Der Mannheimer Bachelor-Studiengang „Unternehmensjurist“ hat nach gut drei Jahren die ersten Absolventen hervorgebracht. Die Noten der drei Abschlussklausuren im Zivilrecht liegen nach Auskunft der Universität Mannheim deutlich über dem baden-württembergischen Landesdurchschnitt.

Über 30 Prozent der Studierenden erreichten mehr als 8 Punkte, auch der Notenanteil im Prädikatsbereich ist nach Auskunft der Universität außergewöhnlich. Den klassischen Jurastudiengang hatte Mannheim vor einigen Jahren umgebaut und gleichzeitig den Bachelorstudiengang Unternehmensjurist neu geschaffen (mehr …). „Das Interesse ist groß“, berichtet Studiendekan Professor Dr. Oliver Brand. „Die Nachfrage ist von 2008 bis heute kontinuierlich gestiegen. Derzeit stehen pro Jahrgang 274 Studienplätze zur Verfügung – alle voll belegt.“ Rund 1.000 Bewerber hatten sich zum laufenden Wintersemester gemeldet.

Das Studium besteht zu zwei Dritteln aus juristischen und zu einem Drittel aus ökonomischen Inhalten, welche die Mannheimer Fakultät für Betriebswirtschaftslehre beisteuert. Zu Beginn stehen die BWL-Anteile im Vordergrund, im zweiten und dritten Jahr sind die Jura-Veranstaltungen auch im Hinblick auf die Examensvorbereitung am zahlreichsten. Im Rahmen des LL.B.-Studiengangs absolvieren die Studierenden auch bereits den universitären Schwerpunktbereich, der zu 30 Prozent in die Examensnote einfließt.

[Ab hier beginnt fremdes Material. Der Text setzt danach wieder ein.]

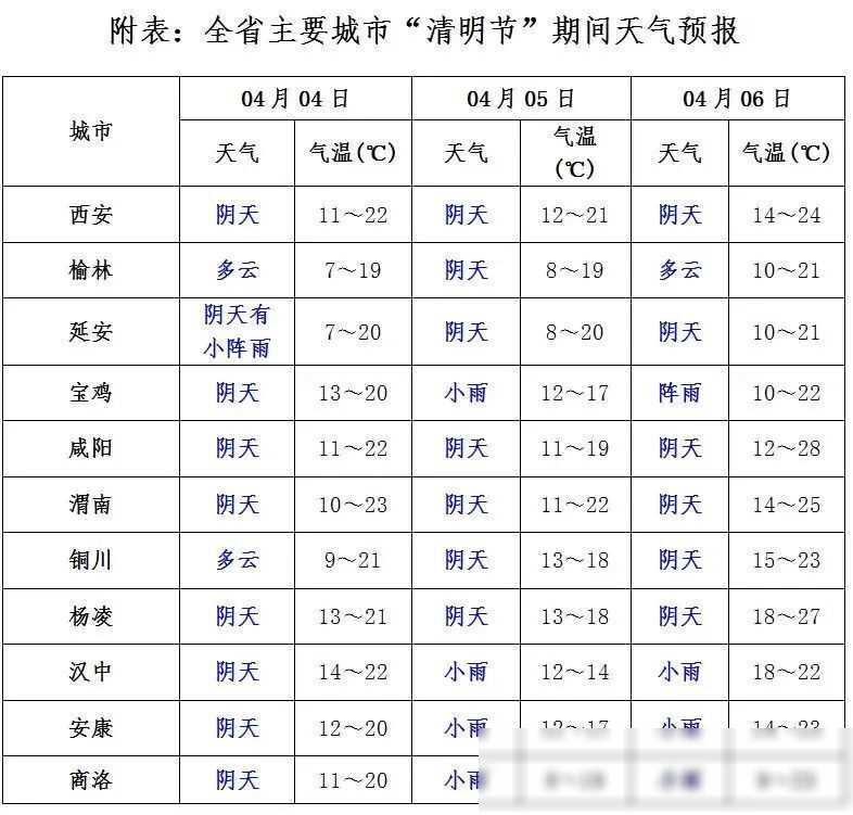 从气象预报来看,4月3日至6日,陕西将以阴天到多云天气为主,中南部地区还会有些许雨水。而且,5日的气温可能下降4℃左右,还会伴有3~4级的偏东风。这不禁让人担心,清明节出游计划会不会被雨水打乱呢?

Nach dem erfolgreichen Abschluss der Bachelorprüfung stehen den Absolventinnen und Absolventen mehrere Optionen offen. Sie können ihr Studium als reguläres Jurastudium weiterführen und die erste juristische Staatsprüfung anstreben. Dafür müssen sie nach anderthalb bis zwei Jahren noch drei weitere Klausuren bestehen. Nach Auskunft von Professor Brand haben sich drei Viertel der Absolventen für diese Fortsetzung entschieden. Als frischgebackene Bachelor können die Absolventen aber auch einen juristischen oder betriebswirtschaftlichen Master-Studiengang besuchen oder unmittelbar in das Berufsleben einsteigen.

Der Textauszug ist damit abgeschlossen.